Her Batılı devlet, “güç dengesi “politikasına titizlikle riayet ettiği gibi “Şark Meselesi”ni kendi menfaatine en uygun şekilde halletme yollarını aradı. Bütün Avrupa devletleri , özellikle Çarlık Rusyası , “Şark Meselesi” ile uğraşmayı dış politikasının esas unsuru haline getirmiştir.
“Şark Meselesi” belirgin hatlarıyla iki önemli safha geçirmiştir.
Bunlardan birincisi “1071-1683 yılları arasındaki “Şark Meselesi”dir. Bu tarihler arasında Avrupa savunmada ,Türkler taarruz halindedir. Bu birinci safhada Batı için “Şark Meselesi”;

*Türkleri Anadolu’ya sokmamak
*Türkleri Anadolu’da durdurmak.
*Türklerin Rumeli’ye geçişini önlemek.
*İstanbul’un Türkler tarafından fethini engellemek
*Türkler’in Balkanlar üzerinden Avrupa içlerine doğru ilerleyişine mani olmak  v.b. politikalar uygulamaktı.
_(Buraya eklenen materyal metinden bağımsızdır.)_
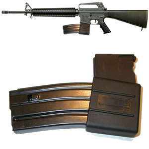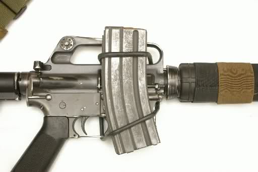 以色列国防军所使用的各型M16中,不时可以看到一种类似于弹匣并联器的装置(如下图),有些人也以为这就是一种弹匣并联器。但其实这只是一种空枪携带弹匣的装置,是以色列的军事体制下特有需要下的一种附件,被称为“弹匣携带器(Magazine Holder)”,而且还有多种形号。由于以色列几乎是全民皆兵,许多平民也是预备役,平时这些“预备士兵”经常背着枪支出入公众场所,而且还带着装满子弹的弹匣。为防止意外发生,以色列国防军规定,在人口密集地区携带步枪不能上膛,而且弹匣也不能插在弹匣座上。但万一发生意外时,随时需要插上弹匣开枪射击,于是就需要一种把实弹匣挂在枪上但又不会意外上膛的装置。一开始,最简单的做法只是用绳子或铁丝把弹匣挂在枪上,后来就企业设计制造了一些可以像弹匣一样插在枪上的装置,这个装置又能像弹匣并联器一样把一个弹匣插在上面。这样当需要上膛射击时,只要像卸弹匣一样卸出这个装置,手一翻再把弹匣插入,就可以上膛了。
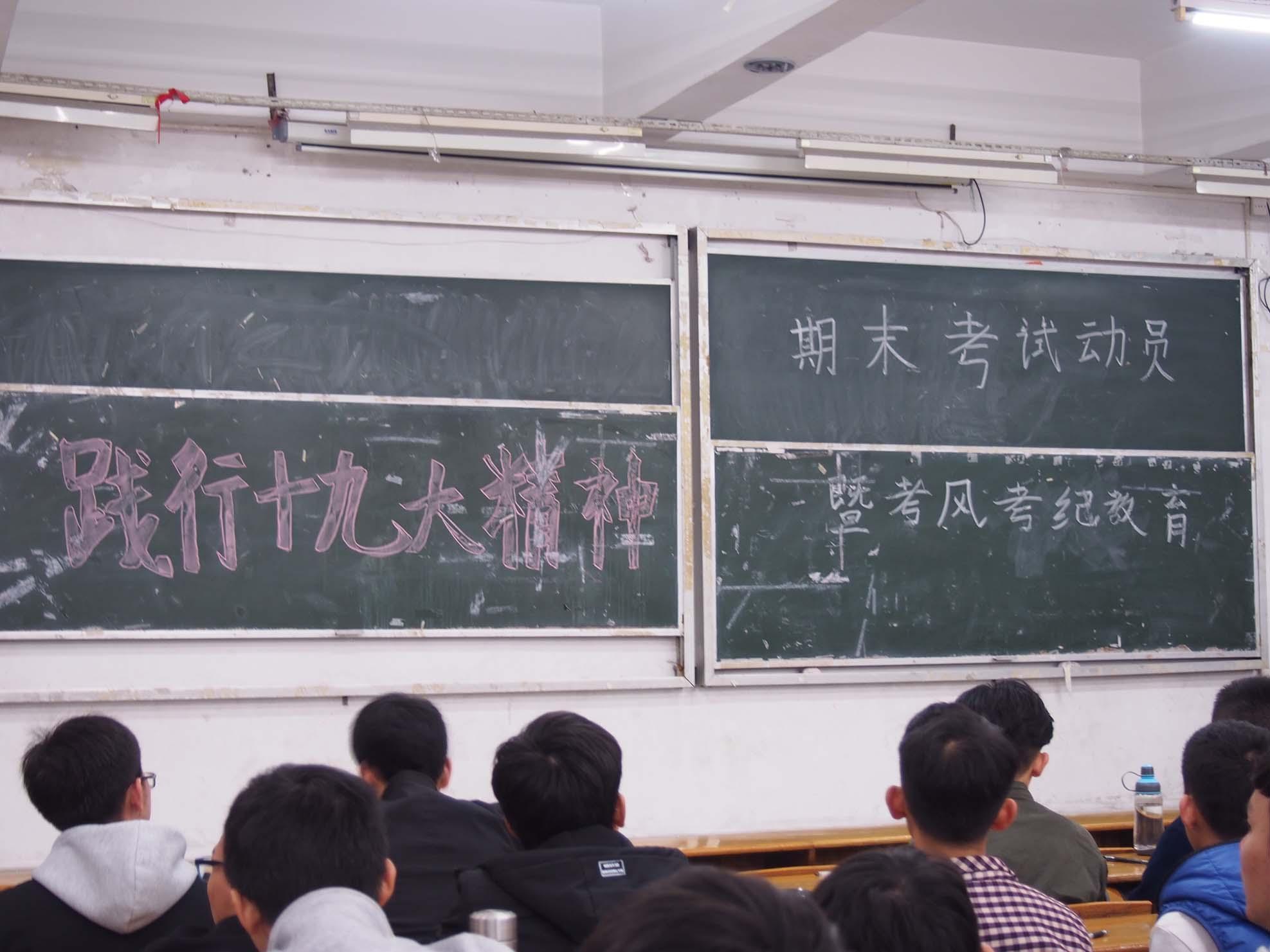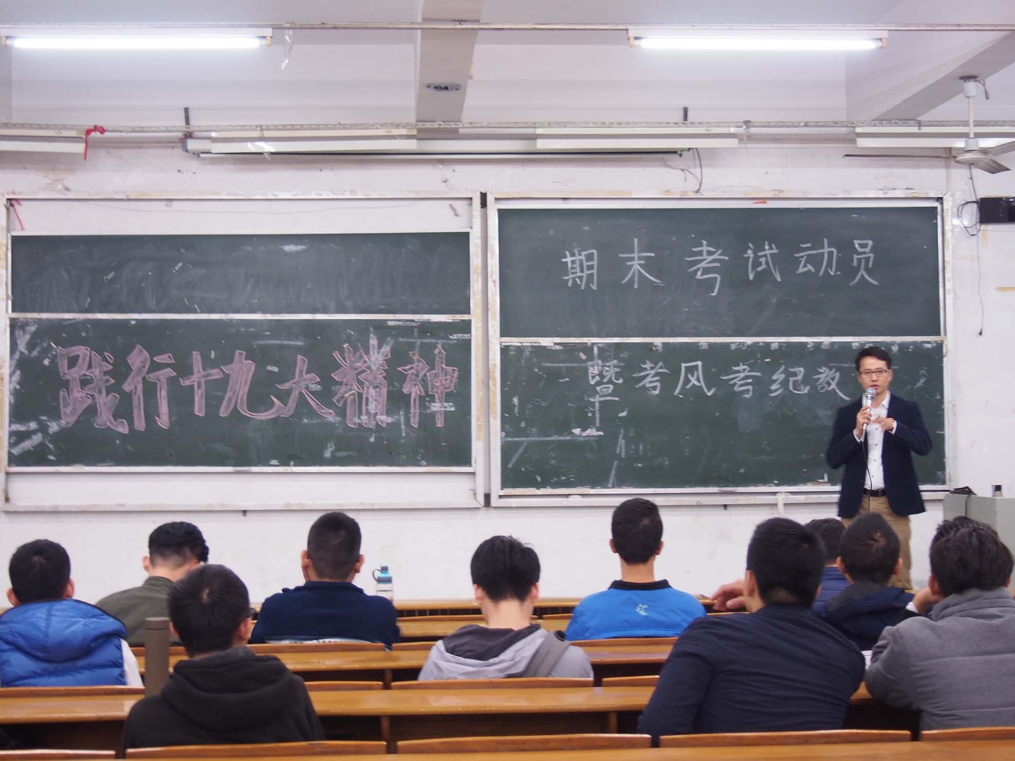 2017年12月13日晚上信息科学与技术学院辅导员吴南生老师在教室B301举行关于考风考纪的短暂会议。
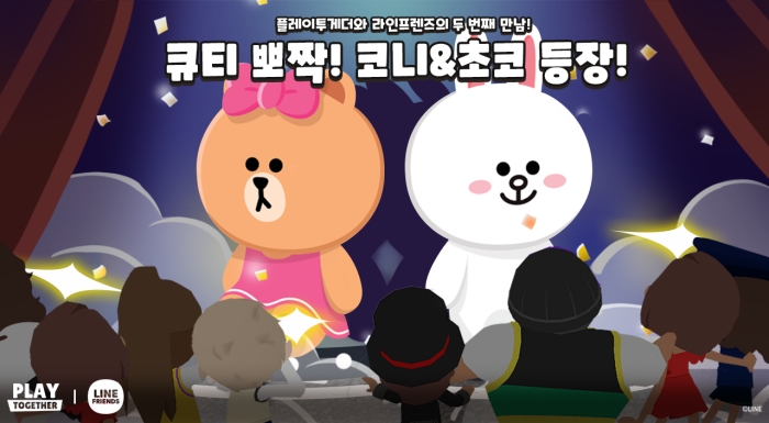 이번 협업에 따라 지난해 11월 라인프렌즈 최초의 버추얼 스토어 오픈과 함께 선보인 ‘브라운(BROWN)’과 ‘샐리(SALLY)’ 등과의 만남에 이어, 또 다른 인기 캐릭터인 ‘코니(CONY)’와 ‘초코(CHOCO)’가 플레이투게더의 주 무대인 카이아 섬에 등장했다. 1월 17일 글로벌 업데이트 이후 유저들은 플레이투게더 내 라인프렌즈 버추얼 스토어에서 언제나 밝고 명랑한 ‘코니’와 리본을 사랑하는 패셔니스트 ‘초코’의 IP를 활용한 신규 요리사 코스튬과 주방가구 아이템을 만나볼 수 있다.
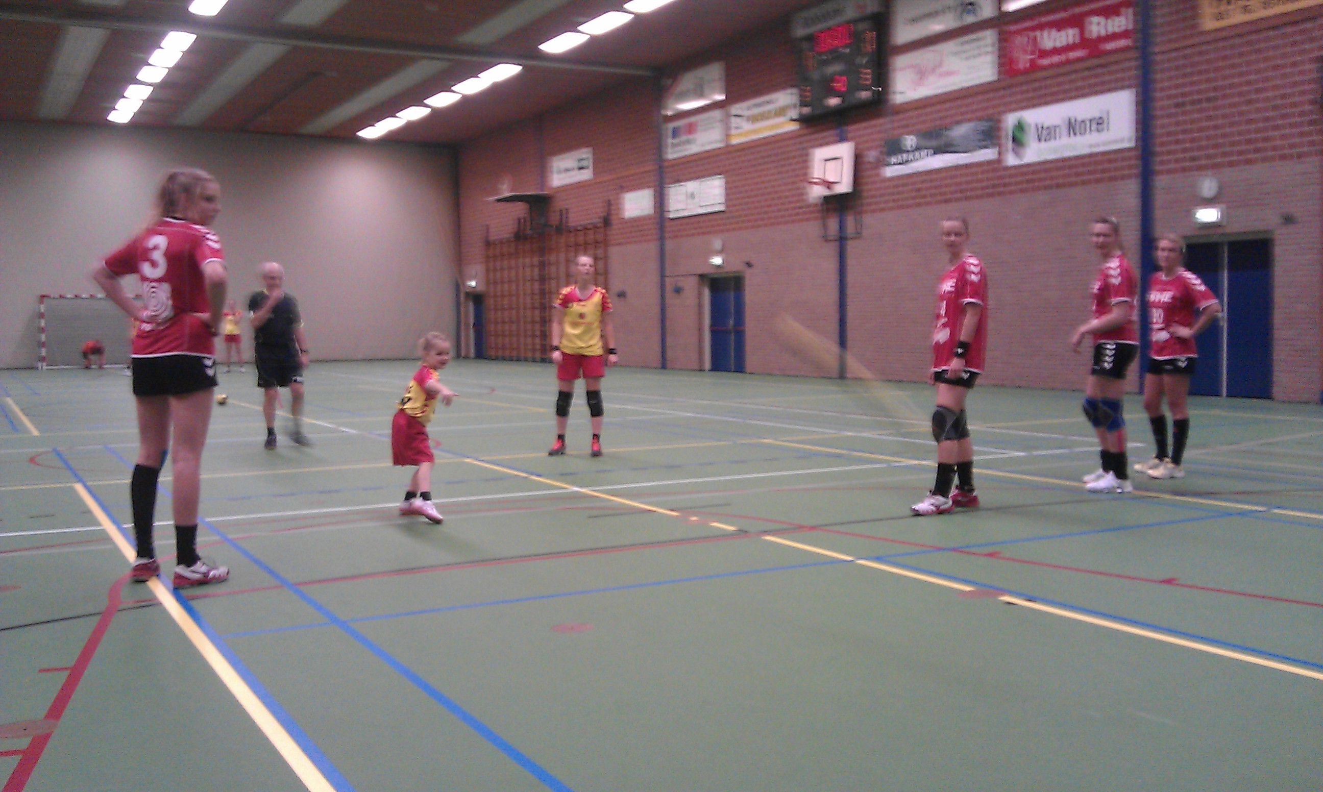 Dan de wedstrijd. De eerste pogingen aan beide kanten misten doel. De speelsters van Dalfsen gooiden enkele ballen erg hoog over en hadden duidelijk moeite met onze harsloze bal. Aan de andere kanten misten wij scherpte in onze eerste pogingen. Toch openden wij de score, al was daar een strafworp voor nodig. Daarna waren we los en liepen we gestaag uit. Op een gegeven moment was het zelfs 11-3 en leek het een soortgelijke ruststand als vorige week te worden (12-3), maar vanaf dat moment gaven we het initiatief uit handen.

“Şark Meselesi”nin Batılılarca bu hedeflerine rağmen ,Türkler Anadolu’ya girmiş ,Balkanlar’ı tamamen zaptetmiş ve Viyana kapılarına kadar dayanmıştı. Ancak 1683 tarihinde Türklerin Viyana önlerindeki yenilgisi “Şark Meselesi”nin birinci safhasını da sona erdirmiştir. Gene bu tarihte “Şark Meselesi”nin ikinci safhası başlamıştır. Bu safhada ,Türkler savunmada ,Avrupa ise taarruz halindedir.
“Şark Meselesi”ne ikinci aşamada , özellikle  19.y.y.ın ikinci yarısından itibaren emperyalist zihniyet ilave edilmiştir. Ancak,Hıristiyan Batı, hem Haçlı zihniyetini hem de emperyalist zihniyetini gölgeleyebilmek için kendisinin daima hümanist zihniyetle hareket ettiğini propaganda yoluyla dünya kamu oyuna telkin etmeye çalışmıştır.
1920 yıllarına kadar devam eden bu safhada “Şark Meselesi”nin gelişmesi şu şekilde gerçekleşecektir.

*Balkanlar’daki Hıristiyan milletlerin Osmanlı hakimiyetinden kurtarılmaları .Bunun için Hıristiyan toplumları isyan teşvik ederek evvela onların muhtariyetini , sonra istiklallerini temin etmek.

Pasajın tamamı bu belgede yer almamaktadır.